Copy exactly, and copy nothing else: the line that contains "Elsewhere, the included" and all lines after it in the listing, without pictures.

:: COLLECTED MATERIAL ::

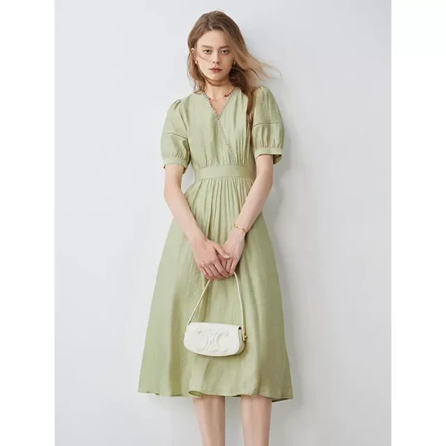 The combination of aesthetic appeal and practical design sets this dress apart. The elegant A-line profile and mid-calf length offer a timeless appeal, while the modern touches like bubble sleeves and lace decorations ensure you stand out in any crowd. Plus, the pullover closure means slipping into this dress is as effortless as it looks.
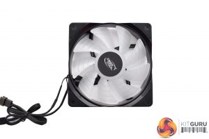 Elsewhere, the included 120mm fan is RGB capable, and accordingly has two cables – one standard 4-pin PWM cable and one 4-pin RGB connector.
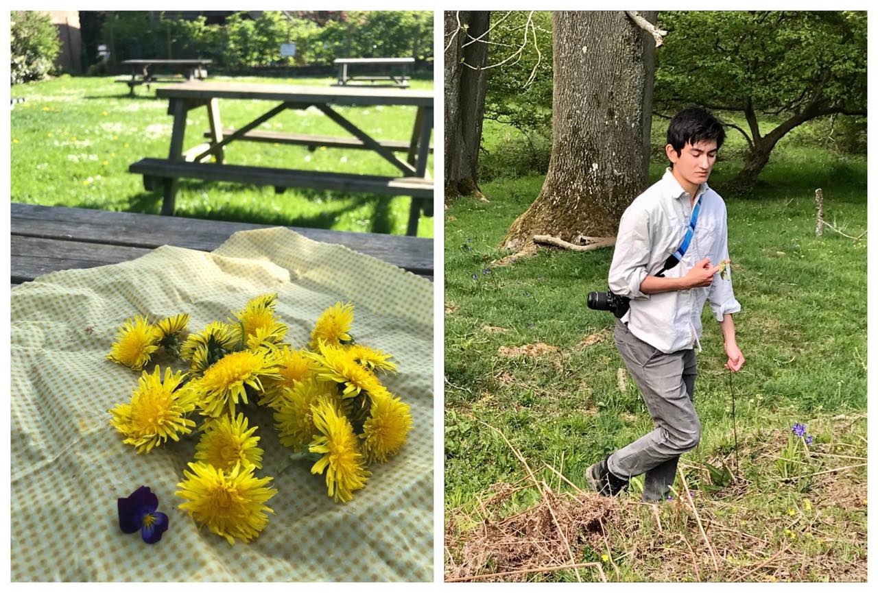 左:タンポポの葉とクレソンのサラダ。右:ワイルドガーリックでペストソース。
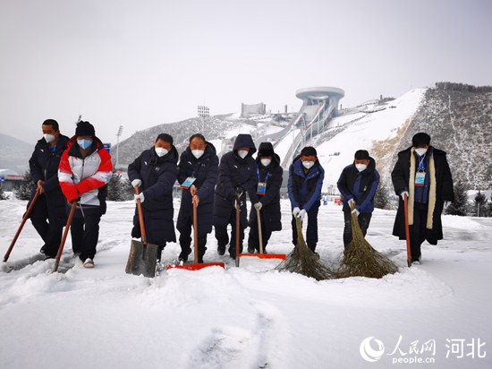 國家冬季兩項電力保障團(tuán)隊在暴雪中清理積雪,確保設(shè)備健康。 馬錚攝

:::

### EXERCISE SOLUTION
 Elsewhere, the included 120mm fan is RGB capable, and accordingly has two cables – one standard 4-pin PWM cable and one 4-pin RGB connector.
 左:タンポポの葉とクレソンのサラダ。右:ワイルドガーリックでペストソース。
 國家冬季兩項電力保障團(tuán)隊在暴雪中清理積雪,確保設(shè)備健康。 馬錚攝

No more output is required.